[SROA] Teach SROA how to much more intelligently handle split loads and

stores.

When there are accesses to an entire alloca with an integer

load or store as well as accesses to small pieces of the alloca, SROA

splits up the large integer accesses. In order to do that, it uses bit

math to merge the small accesses into large integers. While this is

effective, it produces insane IR that can cause significant problems in

the rest of the optimizer:

- It can cause load and store mismatches with GVN on the non-alloca side where we end up loading an i64 (or some such) rather than loading specific elements that are stored.
- We can't always get rid of the integer bit math, which is why we can't always fix the loads and stores to work well with GVN.
- This is especially bad when we have operations that mix poorly with integer bit math such as floating point operations.
- It will block things like the vectorizer which might be able to handle the scalar stores that underly the aggregate.

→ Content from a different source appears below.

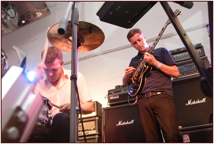 John Stanier (drums) and Dave Konopka (guitar, bass) of Battles.

At the same time, we can't just directly split up these loads and stores

in all cases. If there is actual integer arithmetic involved on the

values, then using integer bit math is actually the perfect lowering

because we can often combine it heavily with the surrounding math.

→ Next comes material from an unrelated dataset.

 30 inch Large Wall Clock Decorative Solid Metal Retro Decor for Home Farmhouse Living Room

The solution this patch provides is to find places where SROA is

partitioning aggregates into small elements, and look for splittable

loads and stores that it can split all the way to some other adjacent

load and store. These are uniformly the cases where failing to split the

loads and stores hurts the optimizer that I have seen, and I've looked

extensively at the code produced both from more and less aggressive

approaches to this problem.

However, it is quite tricky to actually do this in SROA. We may have

loads and stores to the same alloca, or other complex patterns that are

hard to handle. This complexity leads to the somewhat subtle algorithm

implemented here. We have to do this entire process as a separate pass

over the partitioning of the alloca, and split up all of the loads prior

to splitting the stores so that we can handle safely the cases of

overlapping, including partially overlapping, loads and stores to the

same alloca. We also have to reconstitute the post-split slice

configuration so we can avoid iterating again over all the alloca uses

(the slow part of SROA). But we also have to ensure that when we split

up loads and stores to *other* allocas, we *do* re-iterate over them in

SROA to adapt to the more refined partitioning now required.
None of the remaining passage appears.